History shows, however, that their return from exile was not exactly a glamorous or overwhelming success. Rather like the surviving Jewish holocaust victims of today trying to reclaim their homes in Jedwabne Poland recently where unfriendly Poles forcefully intimidated those Jews trying to repossess their property. It took several centuries for the Jewish state to begin flourish again as exiles finally left in significant numbers the relative comfort of the diaspora in Babylonia, and came "home" again. But the Prophetic insistence that the Jewish misfortunes were appropriate and God ordained and were only temporary--- pending omnipotent God’s rescinding His just decrees of punishment --- was like a lifeline of continuous hope in a surrounding morass of currently sad events in what was left of the initially postage stamp size land of Judea, whose only obvious asset was the partially rebuilt temple. Somehow "God was still in his heaven and all was right with the world". The all powerful God of the Jews who had intervened in storied fashion from the miracles of Egyptian liberation, the splitting of the Reed Sea, the manna, in the desert, etc. etc. was still in place on His rightful heavenly throne caring for and forgving his sinful flock. And thus a saving remnant gradually began what was to be the stock of the future Jewish nation, guilt ridden but determined to now keep to the core of God’s commandments.

Somehow these Jews whom the biblical prophets had inveighed against had learned to be stalwart and upright, taking their Torah straight and not worming "through the loopholes" as is were. But, most importantly,emending and amending it with the oral tradition as necessity and events of the current time dictated, thus allowing for the growth of rabbinic Judaism and the Talmudic changes later on .And even though a tiny fraction, probably a few hundred thousand at most when returning from the Babylonian exile in about 400BCE, by the beginning of the Common Era--four centuries later -- they numbered almost six million, most scholars believe. And the unifying force, besides the great spiritual message that is the main motivating force of the Torah, is the fact that the Jews had a second chance to attempt the upward earthly holy path that is is the core of of the Torah.

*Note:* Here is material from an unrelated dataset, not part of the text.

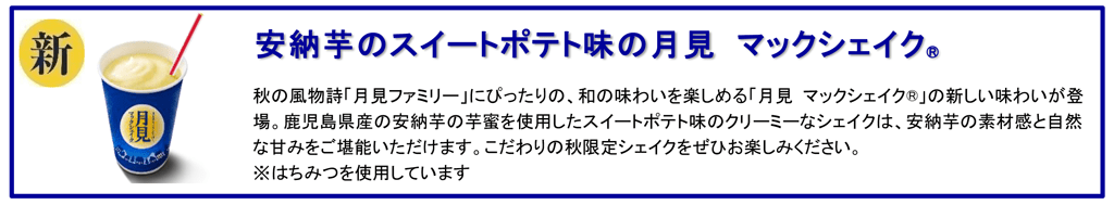 スイーツでは、マロンペーストを配合したソースと栗風味のスポンジケーキがソフトクリームのおいしさを引き立てる「栗のモンブランの月見 マックフルーリー」と、鹿児島県産安納芋の芋蜜を使用した「安納芋のスイートポテト味の月見 マックシェイク」が新たに登場するほか、あんことおもちの絶妙なコンビネーションで毎年ご好評いただいている「月見パイ」と合わせて、秋らしい和風味のスイーツ3種をご用意しました。さらに、サイドメニューでは「チキンマックナゲット」を和のテイストで味わっていただける秋にぴったりな「柚子七味ソース」が新登場します。
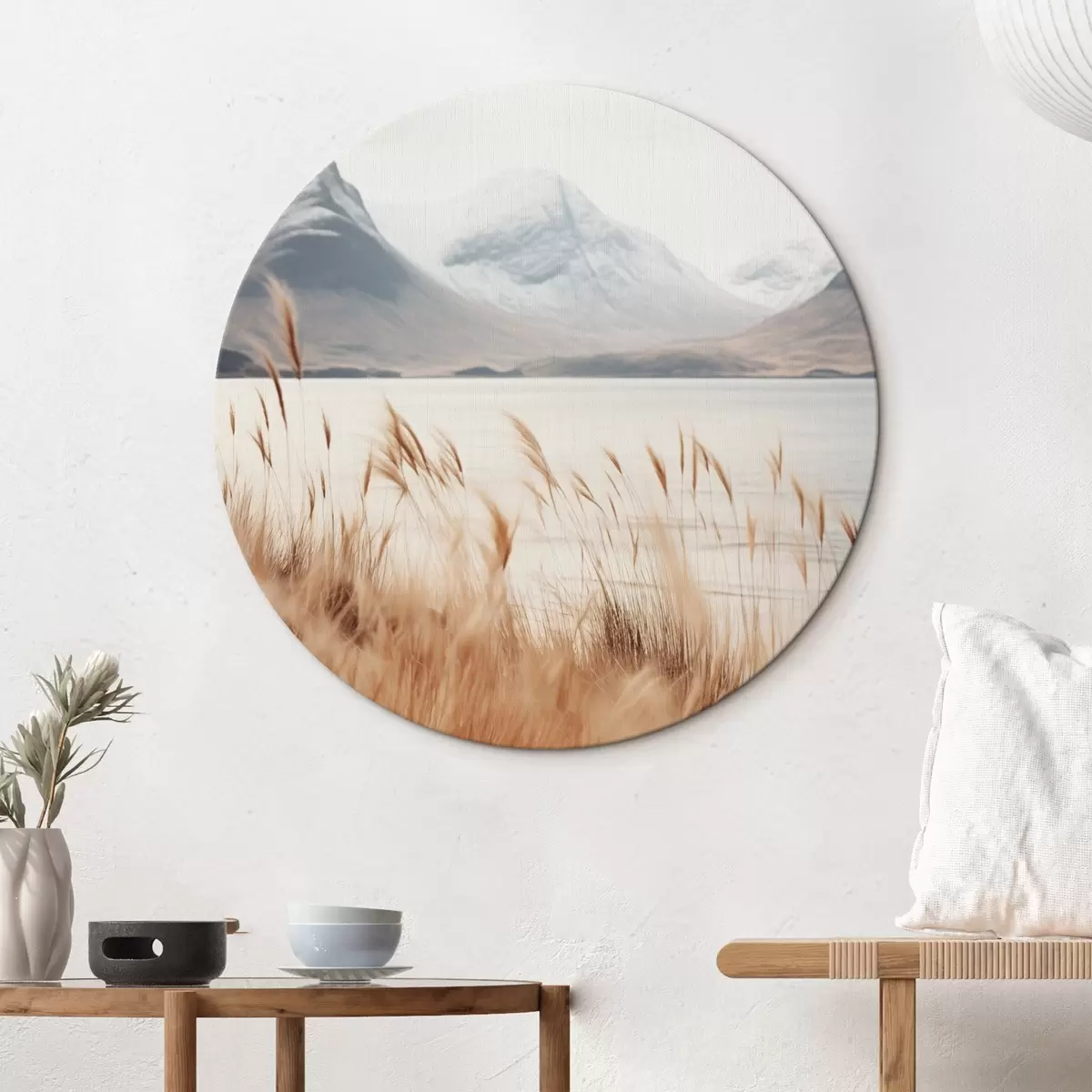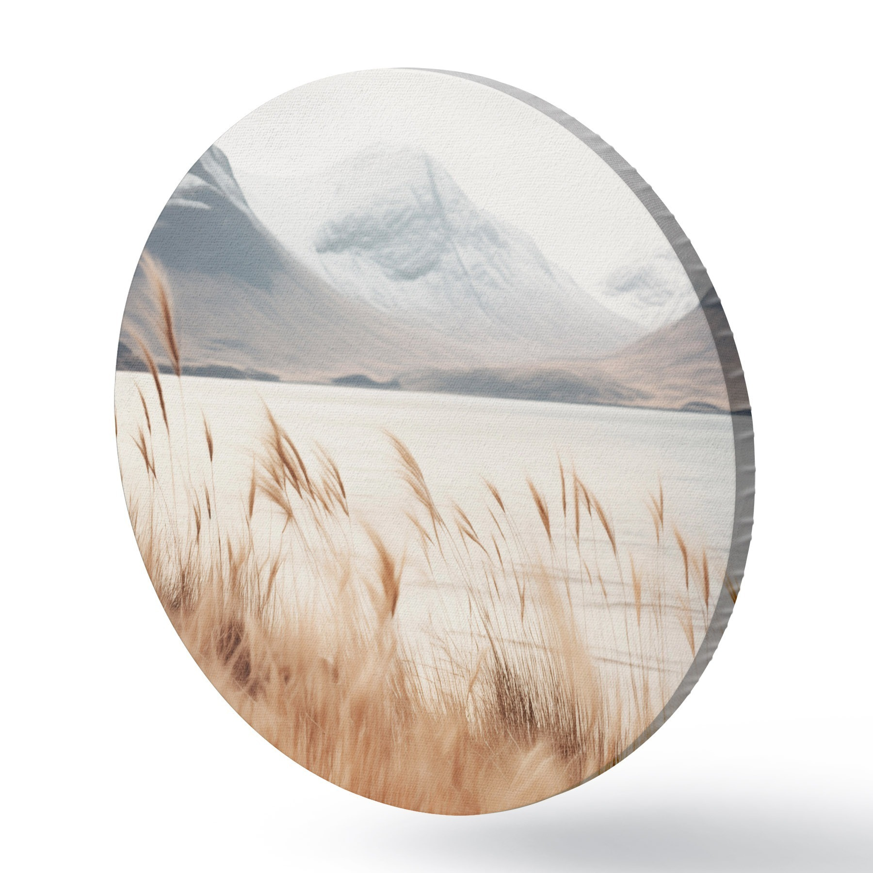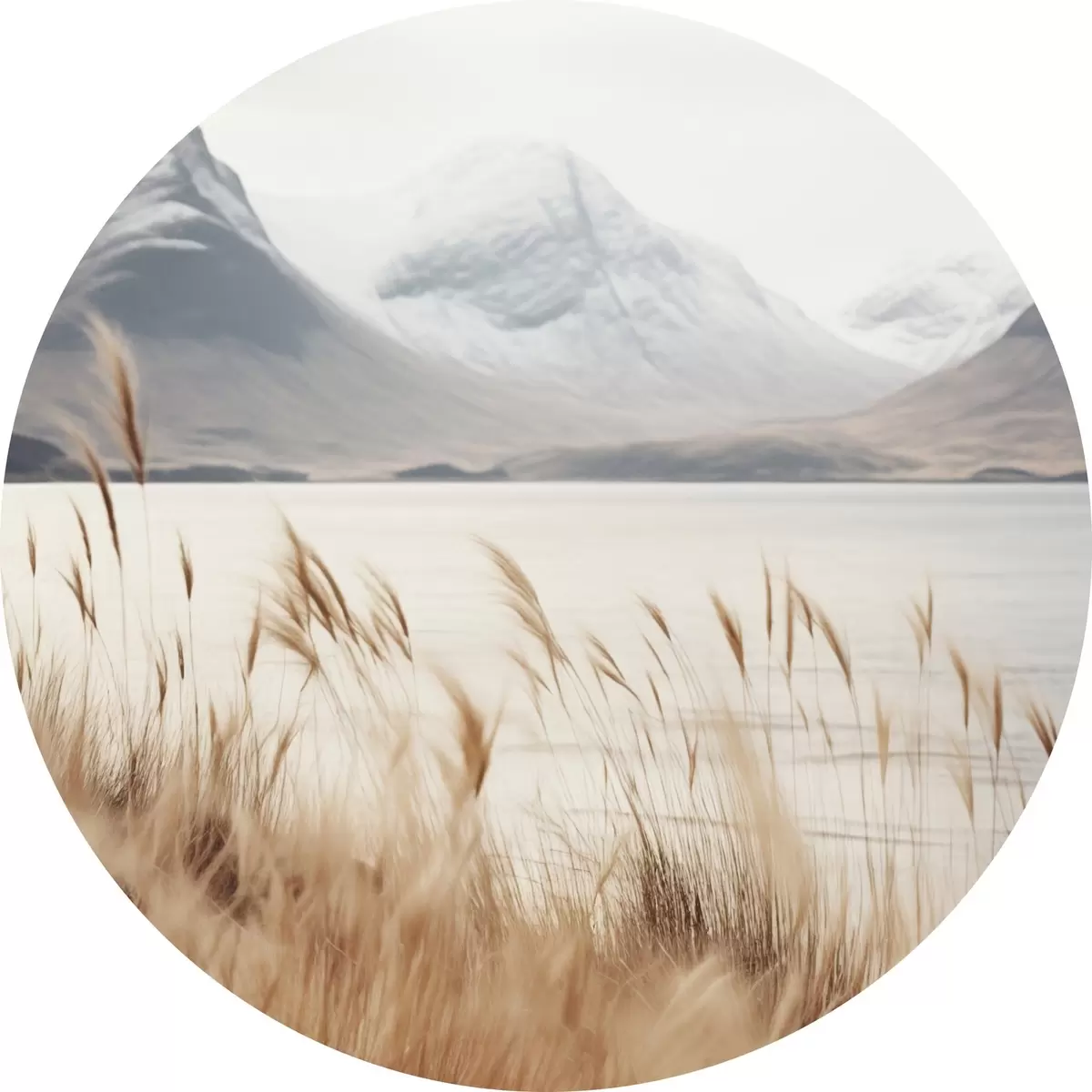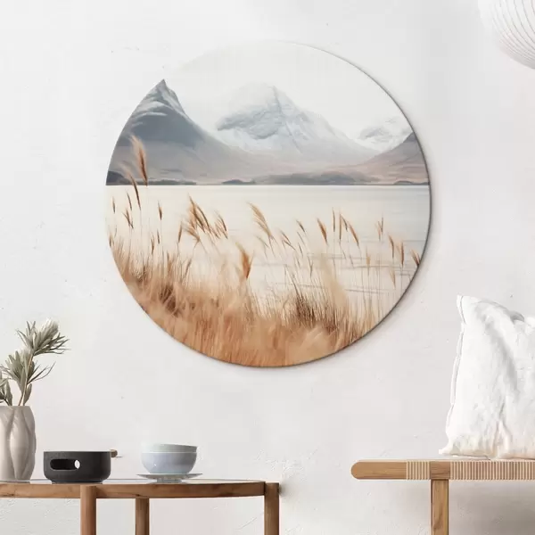 Cuadros redondos Campo de hierba de la pampa frente a un paisaje lacustre con montañas nevadas al fondo, luz suave r46282

As indicated earlier this holy path, being somewhat beyond human capability, has always been a stumbling block, if not an active agent, in creating Jewish anxiety. Non Jewish delighted in Jewish underachievement, and Jews delighted, among themselves, in their overachievement. The Yiddish phrase " a shonda for the goyim" shameful for the gentiles, marked the Jewish sense of anxiety and unease at underperformance and goyischer kopf --gentile head --- the low esteem Jews had for gentile smartness. But above all, all the Jews, then and now, stood at Mt. Sinai when God told all the Jews then that He was making them a Holy Nation and a lamp unto the peoples. "I make this covenant with him who is standing here before me this day and him who is not standing before me this day". From time immemorial Jews were supposed and maybe programmed to do better, and perhaps their guilty sense of missing the highest mark still leaves us with the guilty impetus and hope to keep up the blessedly strenuous effort to love one’s neighbor as thyself, (the Golden Rule) which was right out of Rabbi Hillel’s playbook over two thousand years ago and still can score the necessary winning goals for us even now on our human turf. After all, without the Jewish "failure" so far the world would be missing many, many winning scores.